One metro-area police department is making a public plea for all off-duty officers to carry their weapons.

It also asks legal gun owners to ramp up their training.

Snellville police Capt. Greg Perry posted the urgent plea on the department’s Facebook page after this week’s horrific mass shooting in California.

Police officers - please carry your firearm off-duty...we are so fortunate to receive the training to protect others and...

Posted by Snellville Police Department on Thursday, December 3, 2015

“You do have to have your guard up,” he said. “It's just something we have to be prepared for."

Perry's post urged all police officers in Snellville and beyond: "Please carry your firearm off-duty."

"Officers probably would have liked to relax a little bit when they're off duty, but it's just to point now that if you are out in public, you always have to be aware of your surroundings and what's going on,” he said.

He says officers need to be prepared to protect themselves and protect others at all times.

"I think they should. If something goes down, I want you to use it,” said Snellville resident Jacklyn Madden.

Others weren’t quite as excited by the idea.

"People feel intimidated, you know, by that kind of stuff, so I don't think that would be necessary,” Sylvia Eder said.

But with more than 800 likes, the post also asks "legal gun carry folks- - please learn to carry safely, so you can protect yourself and your fellow citizens."

"Think about their training as far as how they shoot, going to the range, getting professional instruction,” Perry said.

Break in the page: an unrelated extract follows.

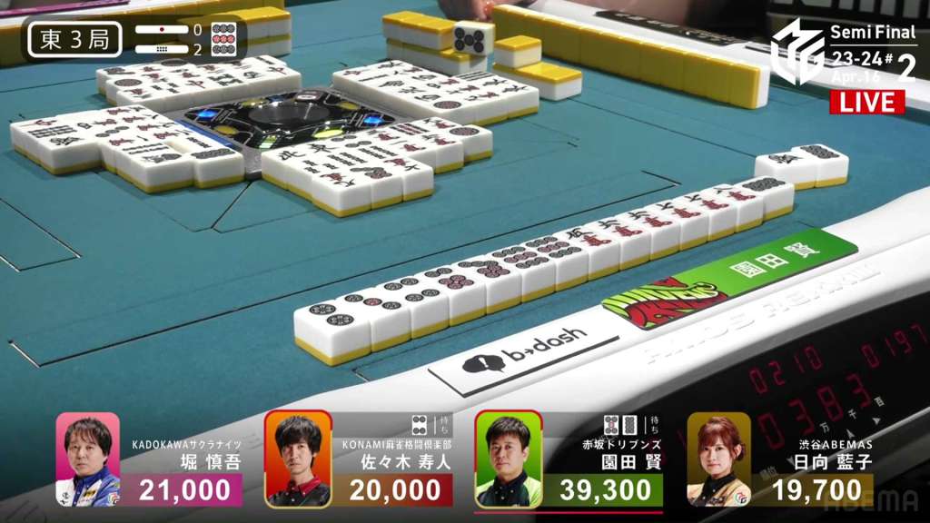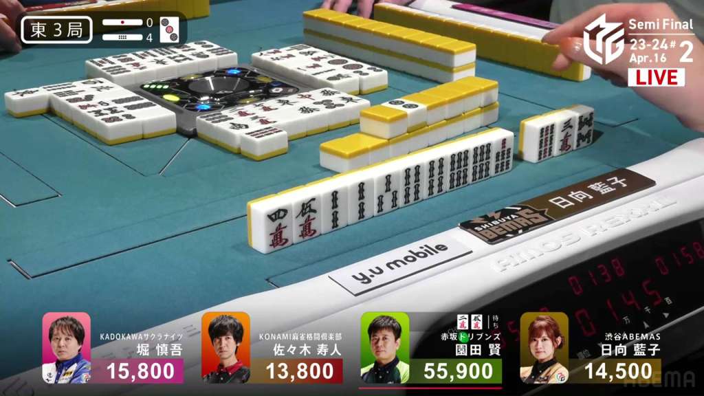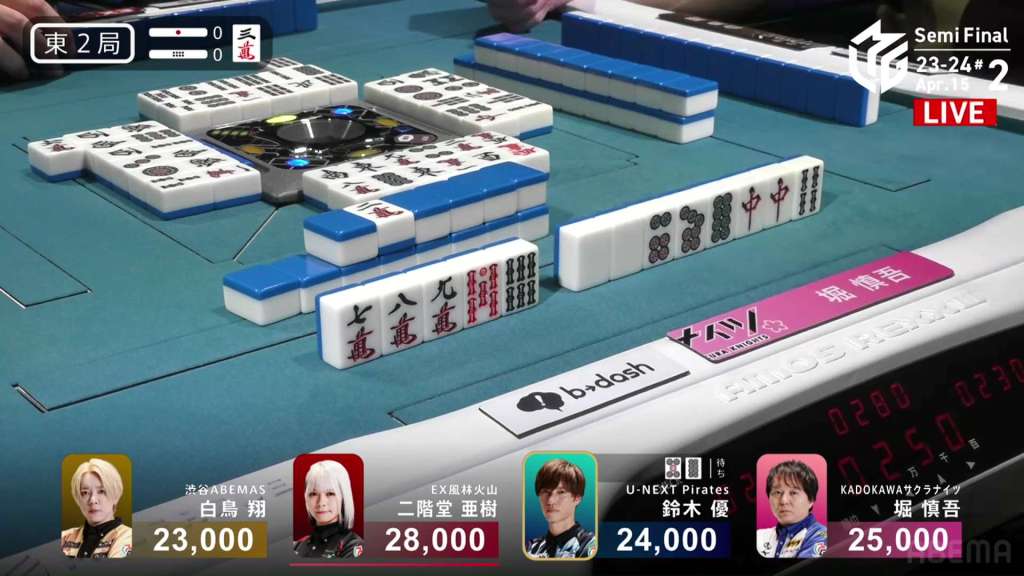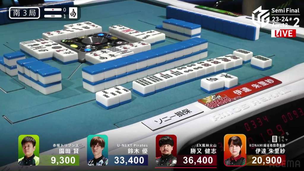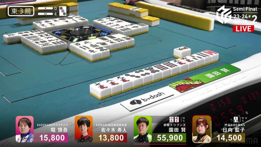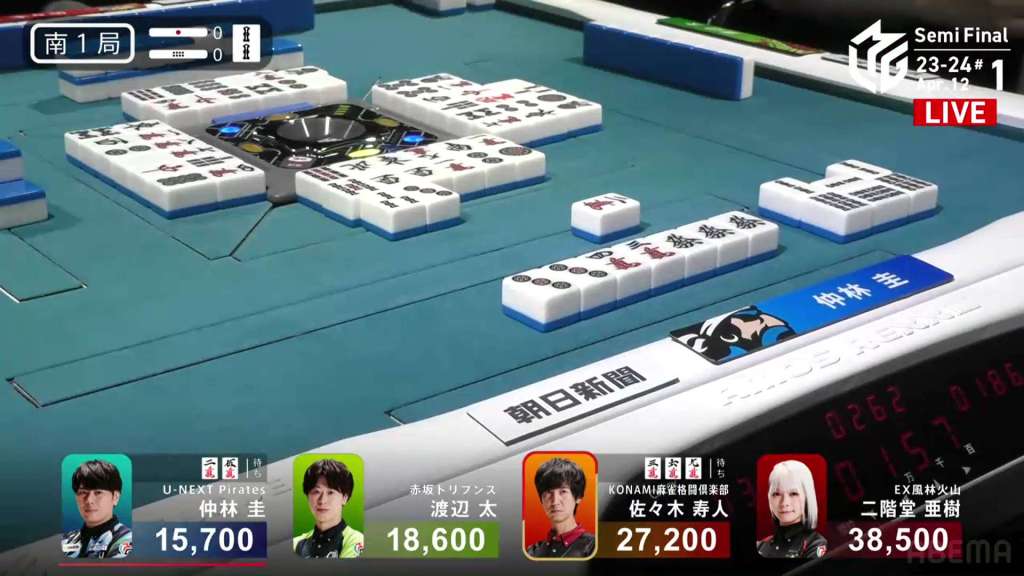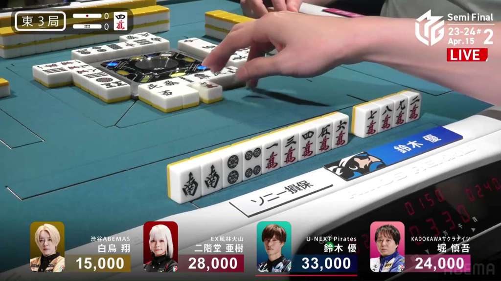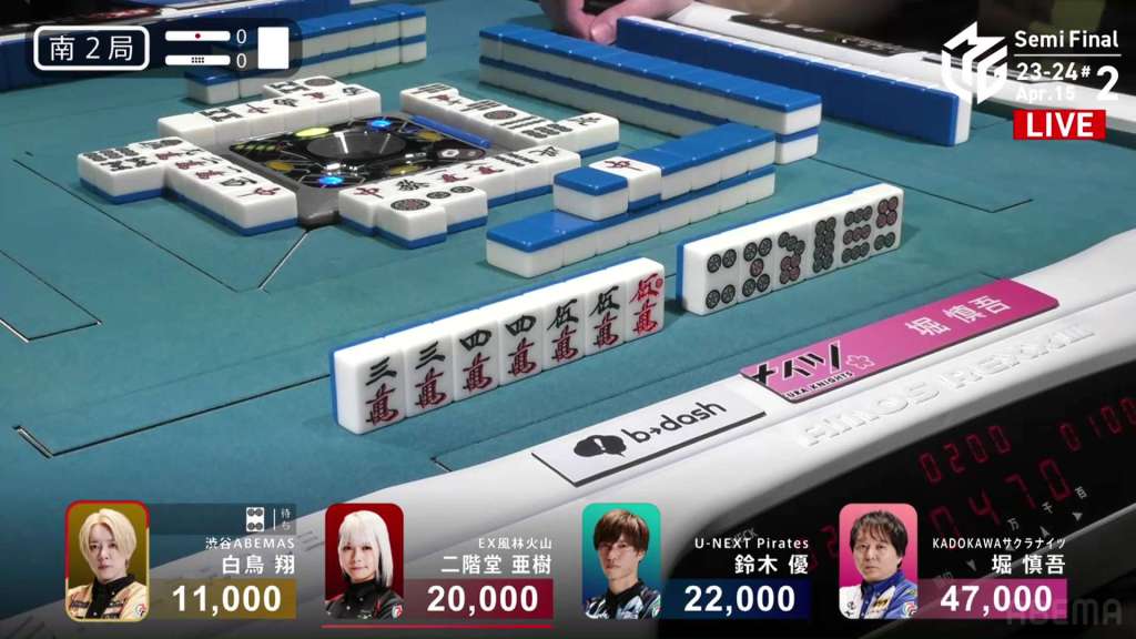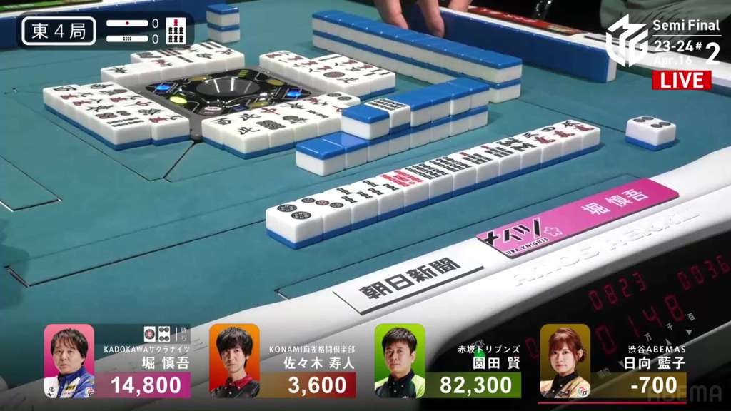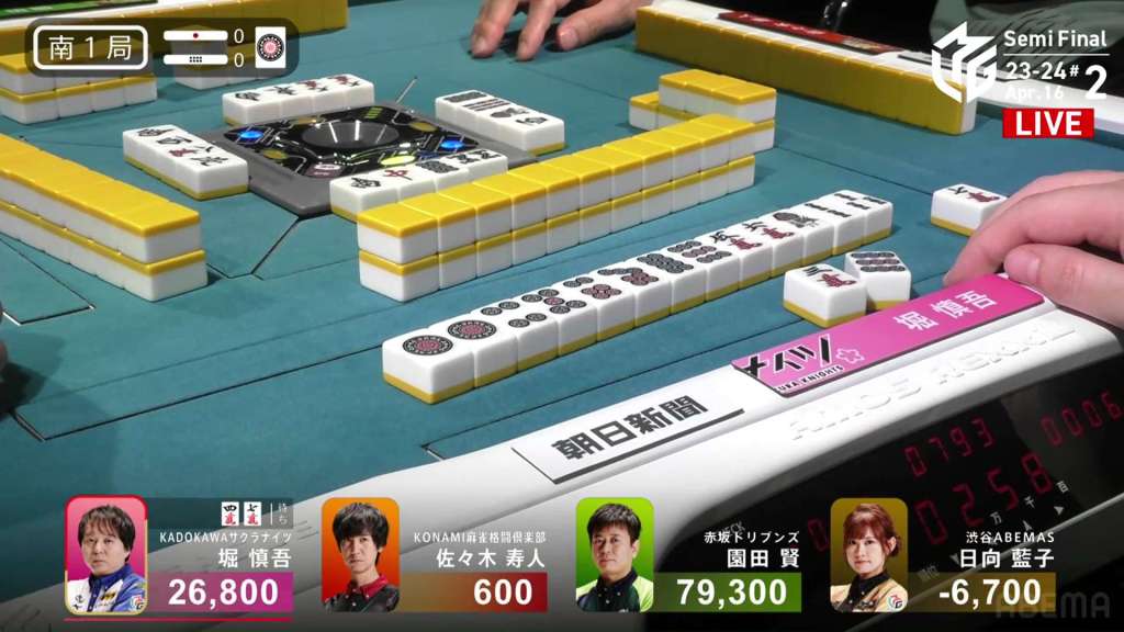 In E3-0, Hori is in 3rd place, 4,000 behind 2nd place Aki and 9,000 behind 1st place dealer Yu. Hori is hoping to do well this game and maybe get the team’s first 1st of the semifinals.

New mom Stephanie Smith said she thinks it’s good advice given the recent mass shootings.

"For the safety of other people. I mean, I want people to carry and to help keep our community safe, but you got to know how to use your weapon,” Smith said.

Perry says he still expects officers to follow their training and department policy on- or off-duty.  As for the public who may find themselves in life-threatening situations, Perry says it's always best to look for a way out first, but ultimately, it's a judgement call to take whatever steps are necessary to protect themselves.